▸ **TRY IT**:
Begin your copy at the line that holds "为深入学习贯彻习近平总书记在" and carry it through the final line of the data, writing out each line exactly and omitting pictures.

▸ **DATASET SECTION**:
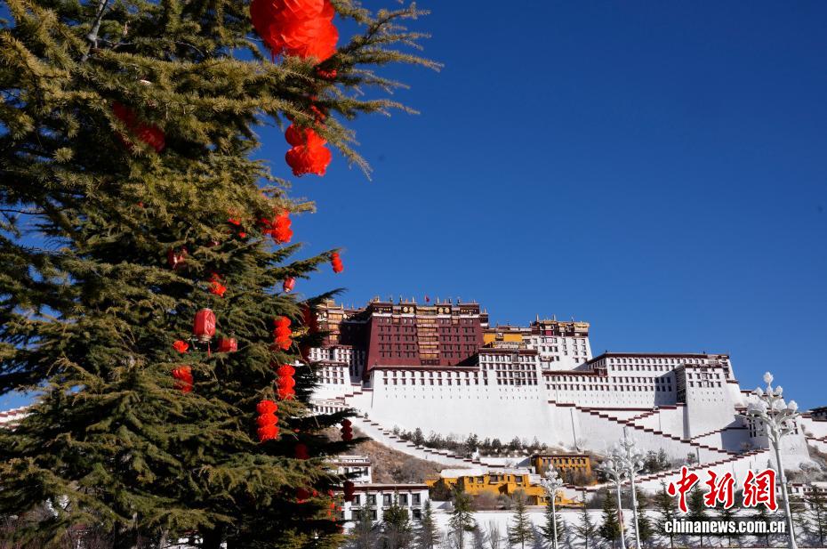 2月3日,西藏拉萨布达拉宫广场,红灯笼装点节日氛围。随着春节、藏历新年的临近,拉萨城区大街小巷被精心装点,年味愈发浓郁。中新社记者 李林 摄
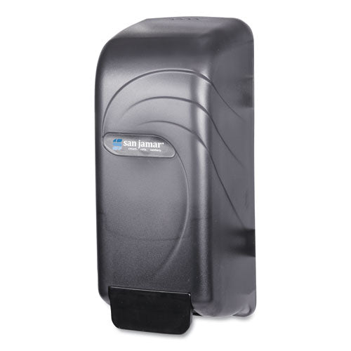 Versatile dispenser may be used in conjunction with three separate delivery systems: bulk liquids and gels, bag-in-box cartridges or bag refills. Included 800-mL bottle accommodates bulk liquid soaps and gel sanitizers. Impact-resistant plastic shell easily mounts to walls. Security lock utilizes a standard San Jamar® waffle key.
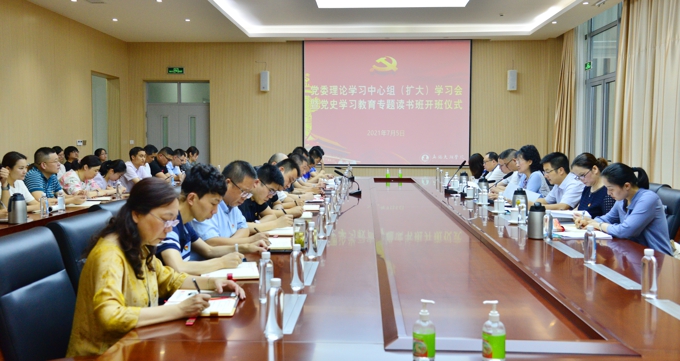 为深入学习贯彻习近平总书记在庆祝中国共产党成立100周年大会上的重要讲话精神,7月5日,无锡太湖学院举行党委理论学习中心组(扩大)学习暨党史学习教育专题读书班开班仪式在工科实验大楼会议室举办。学校党委书记金秋萍,校领导金成、丁涛、阙明坤,党委委员邹山花、吴学林、吴旻昊、周鸣鸣,党办主任朱中伟、学生工作处处长郑斌,党委宣传部相关负责人,各党总支书记、副书记,各党支部书记、副书记参加开班仪式。会议由党委副书记丁涛主持。
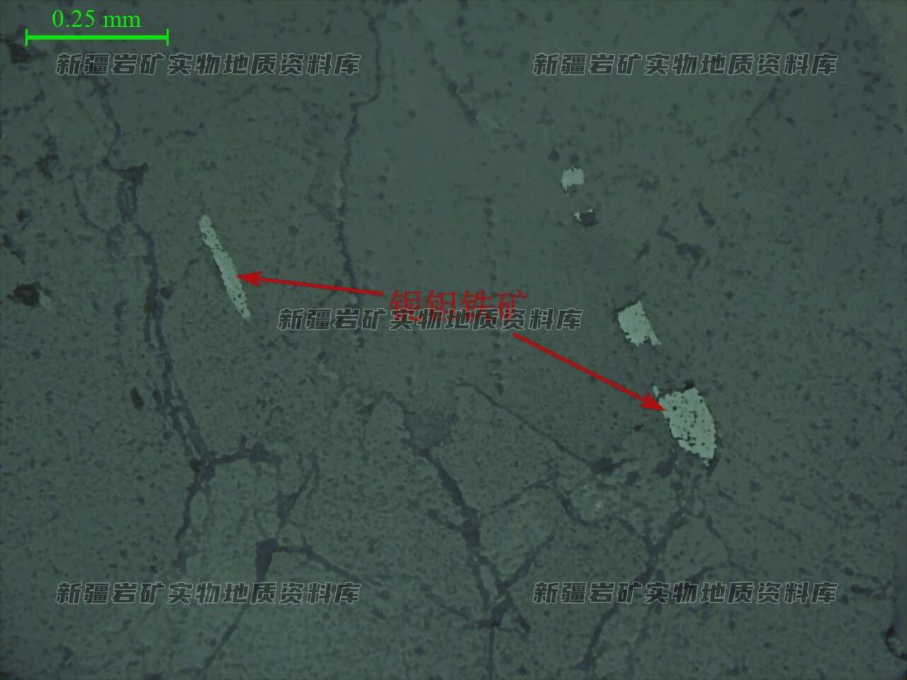 岩石特征描述: 光片中金属矿物含量极少,偶见铌钽铁矿。

▸ **RESPONSE TO THIS EXERCISE**:
 为深入学习贯彻习近平总书记在庆祝中国共产党成立100周年大会上的重要讲话精神,7月5日,无锡太湖学院举行党委理论学习中心组(扩大)学习暨党史学习教育专题读书班开班仪式在工科实验大楼会议室举办。学校党委书记金秋萍,校领导金成、丁涛、阙明坤,党委委员邹山花、吴学林、吴旻昊、周鸣鸣,党办主任朱中伟、学生工作处处长郑斌,党委宣传部相关负责人,各党总支书记、副书记,各党支部书记、副书记参加开班仪式。会议由党委副书记丁涛主持。
 岩石特征描述: 光片中金属矿物含量极少,偶见铌钽铁矿。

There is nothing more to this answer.